BPER Banca è rimasta sotto i riflettori dopo la forte correzione subita nelle ultime sedute, in concomitanza con l’aumento di capitale da oltre 800 milioni di euro. Il titolo dell’istituto ha registrato un calo frazionale dello 0,54% a 1,1105 euro, mentre i diritti relativi all’operazione hanno subito una flessione del 7,08% a 0,197 euro. Dall’inizio dell’aumento di capitale di BPER Banca e sulla base dei prezzi di chiusura del 14 ottobre le azioni dell’istituto hanno perso il 13%, mentre i diritti hanno lasciato sul terreno il 65,4%.

Il BancoBPM ha registrato un minimo ribasso dello 0,03% a 1,6105 euro. Secondo quanto scritto su Il Messaggero l’istituto avrebbe firmato un accoro confidenziale con il Crédit Agricole. L’obiettivo sarebbe quello di procedere con uno scambio reciproco di informazioni per arrivare a un’integrazione tra il BancoBPM e gli asset italiani del colosso bancario francese.

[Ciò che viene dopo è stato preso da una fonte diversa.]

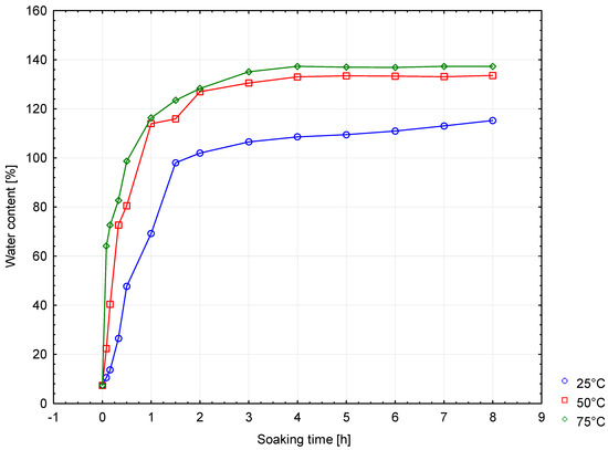 Water absorption by plant raw materials is influenced by both the process parameters (e.g., temperature, pressure) and the physical and chemical properties of the raw materials. The impact of the temperature of the soaking process on the rate and amount of absorbed water was investigated by, for example, Maskan [1] and Turhan et al. [2]. Their results clearly demonstrate the role of temperature (in the range from 6 to 100 °C) in the water absorption process. An elevated temperature was found to accelerate the water absorption rate in the case of peas, wheat, lupine, soybean, and faba bean.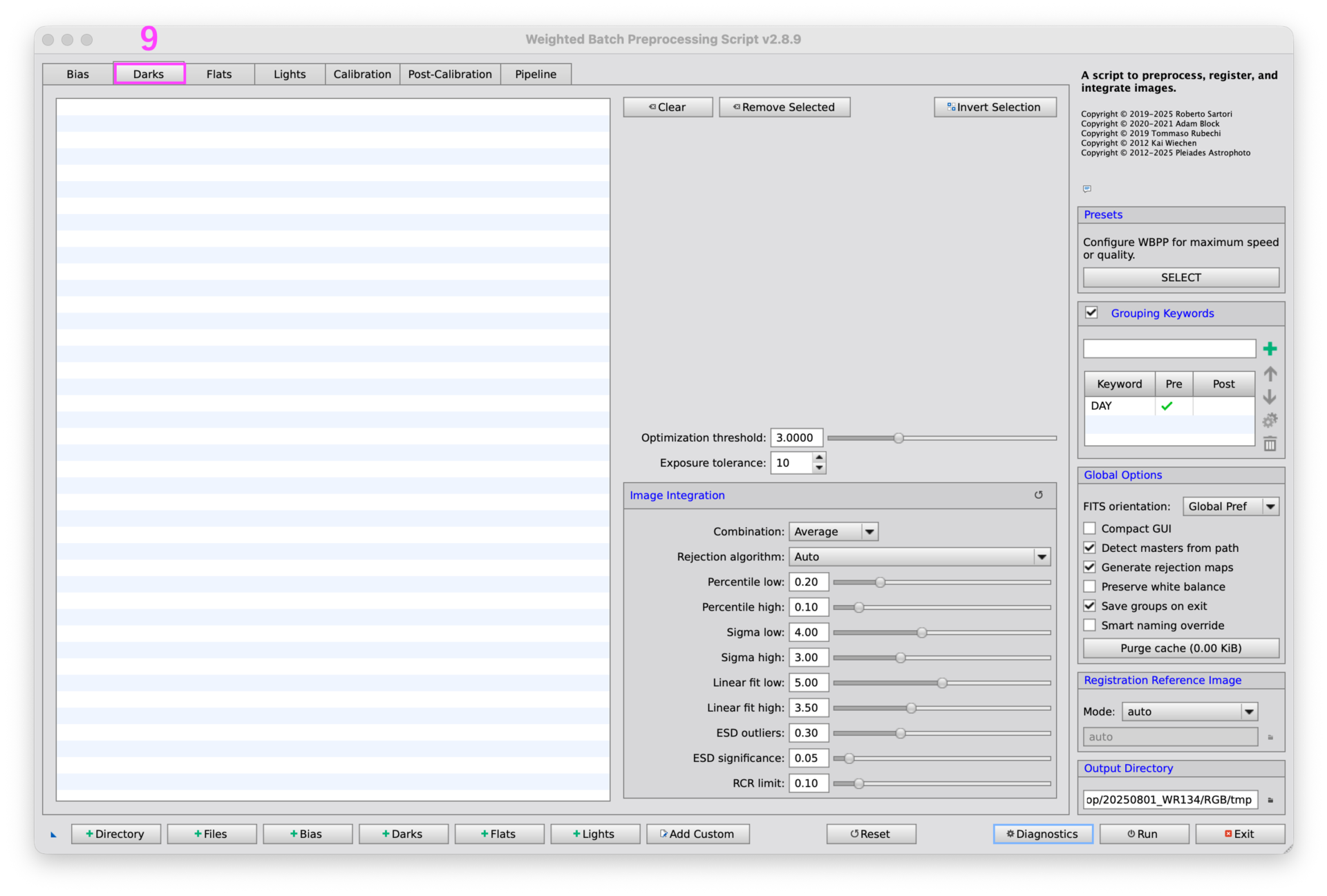 WBPPの Darks タブ は、ライトフレームに含まれる 暗電流・固定パターンノイズ・ホットピクセル を除去するための非常に重要な補正工程を担っています。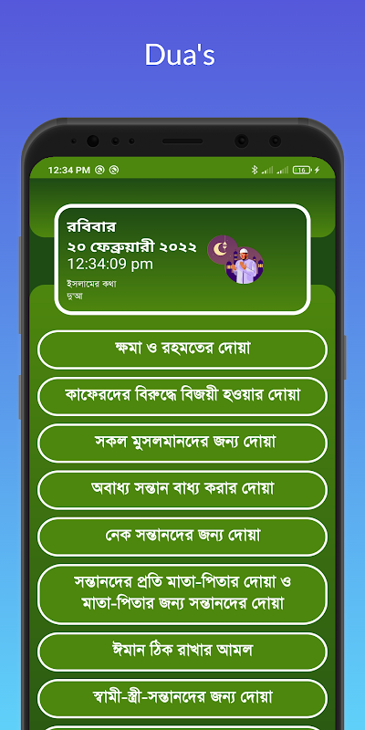 چاقوی کوچک، واز محفل از 10 عالم مفتی برتر بنگلادش، 30 جزء تلاوت قرآن، تسبیح دیجیتال، ماشین حساب زکات، مسایل المساله، 99 نام الله، محل مسجد، قطب نما کابل و غزل بنگلادش. این اولین برنامه ای هست که ساختم امیدوارم اگر اشتباهی هست با بخشش ببینید سعی میکنم در آپدیت بعدی درستش کنم انشاالله امیدوارم همکاری شما اگر از برنامه من سودی دارید، باید با بررسی بروید.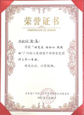 9月28日,“讲党史 话初心 践使命” 广州轻工集团团干部讲党史团课大赛在虎头公司举行。爱体育官方端网站登录入口团委派出国贸部团支部宣传委员陈一嘉参赛,她所讲授的课程《人民音乐家——冼星海》在13个参赛单位中脱颖而出,获得了一等奖的好成绩。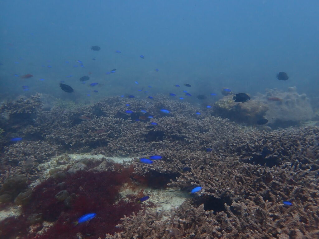 ミドリイシにはソラスズメダイがたくさん!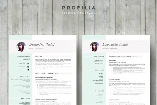 漂亮的Word简历模板 Word Resume Cover letter Template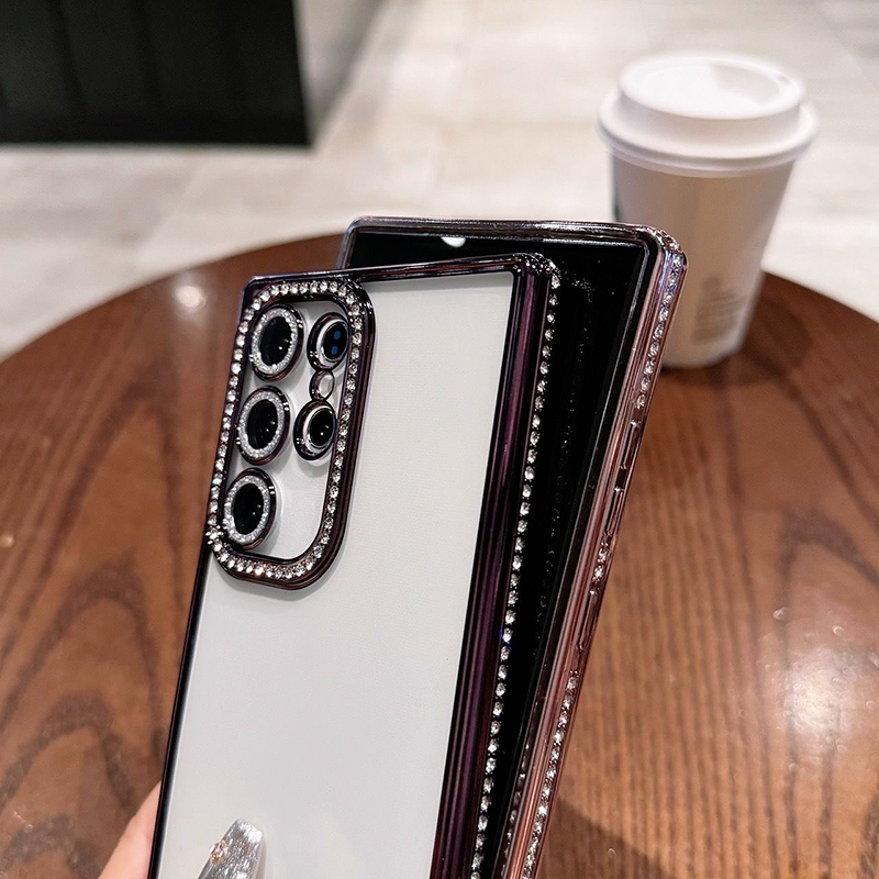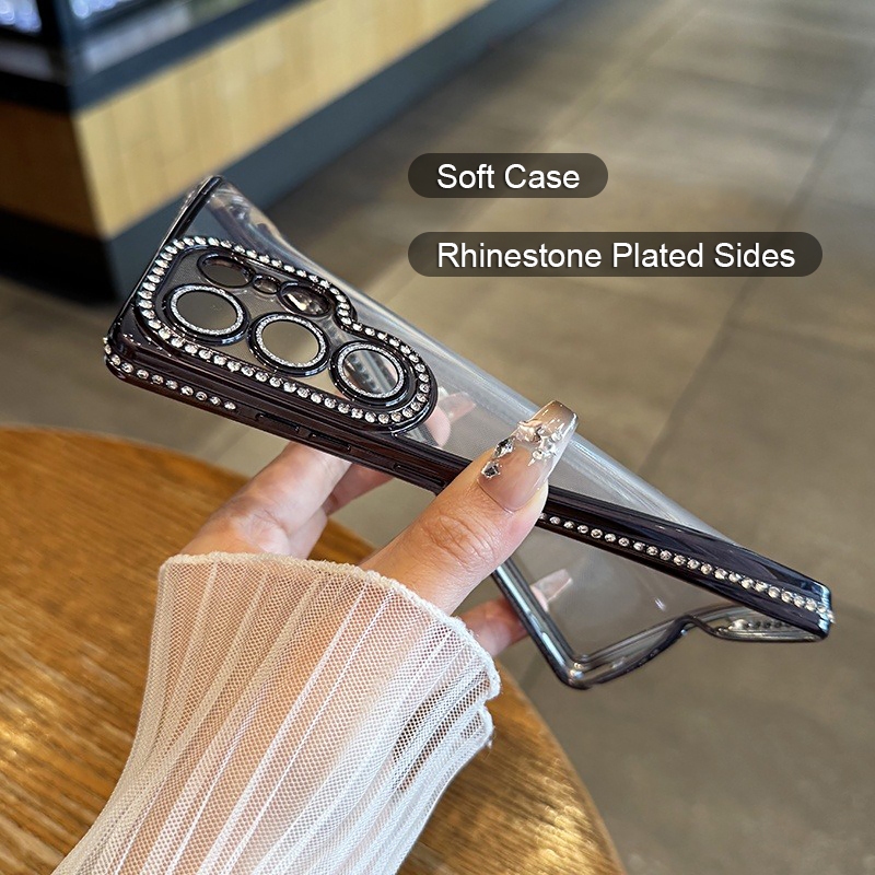 [Star] Rhinestone dimond Plating Side Transparent Soft Phone Case With Glitter Lens Films For Samsung Galaxy S25 Ultra

Banca Generali ha ceduto l'1,92%. La compagnia ha deliberato di non procedere al pagamento della prima tranche del dividendo 2020 (relativo all'esercizio 2019), pari a 1,55 euro. La decisione è stata presa in linea alle raccomandazioni della BCE e della Banca d'Italia che prevedono la richiesta al sistema bancario di astenersi dal pagare dividendi fino al 1° gennaio 2021. La seconda tranche resta ad oggi confermata.

 

In difficoltà i titoli del settore petrolifero.

ENI ha subito uno scivolone del 4,18% a 6,418 euro.

Performance decisamente negativa anche per Saipem (-3,28%) e Tenaris (-4,99%).

 

Atlantia si è allineata al trend negativo del mercato (-3,66%), dopo il rally registrato il 14 ottobre. Il Sole24Ore ha scritto che Cassa Depositi e Prestiti starebbe definendo la struttura dell’operazione attraverso cui rilevare l’88% di Autostrade per l’Italia. In particolare, la CDP dovrebbe essere a capo di una nuova società partecipata anche da investitori italiani. Questo gruppo andrebbe a costituire un veicolo di investimento insieme ad altri investitori esteri che formalmente presenterà l’offerta per la quota di controllo cella concessionaria autostradale.

 

Tiscali ancora sotto i riflettori, dopo la forte volatilità delle precedenti due sedute. Il titolo ha perso il 3,28% a 0,0236 euro.